Honeybee collecting pollen

As we close out the month of May and head into June, our staff here at Lancaster Farming is moving full speed ahead on June Dairy Month content.

But what you might not know is that June is also Pollinator Month.

Dairy Month gets all the attention during June, but pollinators are important, too!

I am huge supporter of pollinators. I just spent an afternoon sowing hundreds of native wildflower seeds to create a pollinator garden in one of my empty flower beds.

Need more proof that I love pollinators? Just this week I ordered a shirt that says “Plant these, save the bees,” with illustrations of pollinator-friendly plants on it.

But saying “save the bees” has to encompass more than just cute little honeybees and fuzzy bumblebees. Bees, wasps, yellowjackets and hornets are all pollinators, but most people only worry about bees.

I know, the other ones can be a little scary and painful. I hiked down a mountain last September with three hornet stings and it was not a fun experience. But we need all pollinators — even the potentially painful ones.

And it’s way more than just bees and butterflies, which are the typical creatures people think about when we talk about pollinators.

Flies, ants, moths, beetles, bats and birds all help with pollination.

I’m sure most people have heard someone talk about saving pollinators — I’ve even written about pollinators in a past column. But I don’t know if all people fully understand how important pollinators are to our daily lives.

According to the USDA, pollinators are needed for 80% of all flowering plants and over 75% of crops used to feed people.

In other words, according to USDA, pollinators are responsible for one out of every three bites of food we eat.

Let’s put that into even more perspective:

• More than 150 crops in the U.S. — including almost all fruit and grain crops — depend on pollinators.

• U.S. crops dependent on pollination are worth more than $10 billion.

So for farmers — the ones producing these dependent crops — pollinators are a vital part of your livelihood.

How You Can Help

Teaching about the importance of pollinators is really only half the battle.
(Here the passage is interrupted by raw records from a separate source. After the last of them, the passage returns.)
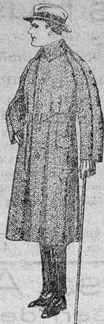
Trajes de punto de lana negro, azul y colores, de pesetas 150 a 250. Gabanes de patén, chaviot o cover, de pesetas 85 a 136.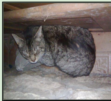
OTTO cuando le conocimos hace 3 años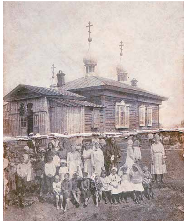
Крестовоздвиженская церковь-часовня в пос. Вышка-2 и ее прихожане (20-е годы)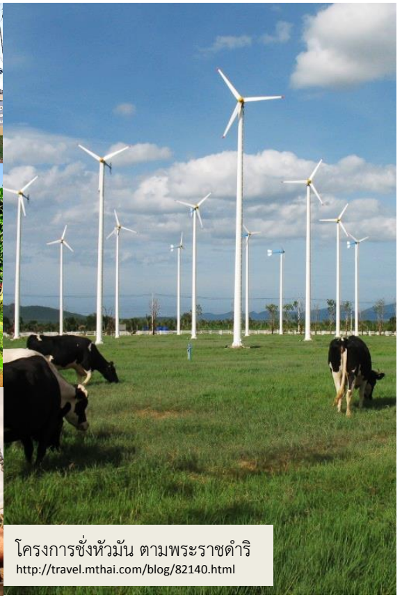
โครงการขังห้วมัน ตามพระราชดำริ http://travel.mthai.com/blog/82140.html

Working to support pollinators is the other half.

One of the best ways to support pollinators is to plant pollinator-friendly plants. Do you have an empty flower bed? How about a window box? Maybe an old field you don’t utilize anymore? Any of those could be used as a pollinator garden.

When planting for pollinators, native plants are always the best bet. It’s also best to plant large clusters of different flowers, which will help attract a larger variety of pollinators. Milkweed, for example, is the only food source of the caterpillar of monarch butterflies.
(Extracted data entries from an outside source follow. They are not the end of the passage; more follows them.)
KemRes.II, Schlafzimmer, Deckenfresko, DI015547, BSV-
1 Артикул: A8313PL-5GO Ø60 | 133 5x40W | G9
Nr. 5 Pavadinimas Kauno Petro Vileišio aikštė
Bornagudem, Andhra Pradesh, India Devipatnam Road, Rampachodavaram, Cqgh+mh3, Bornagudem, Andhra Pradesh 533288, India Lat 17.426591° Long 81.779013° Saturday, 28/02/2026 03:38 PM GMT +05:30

Limiting pesticide use can also help the pollinator population. I know that pesticides can be very useful to farmers, but there are ways to still be mindful of pollinators while applying pesticides, such as using spot treatment versus a broad application.

People can talk about saving pollinators so easily, but we need more than talk. We also need action. And honestly, it’s not too hard to plant a pollinator garden, so let’s do it!

So as we go into June excited for ice cream and cheese, don’t forget about the pollinators — it’s their month too.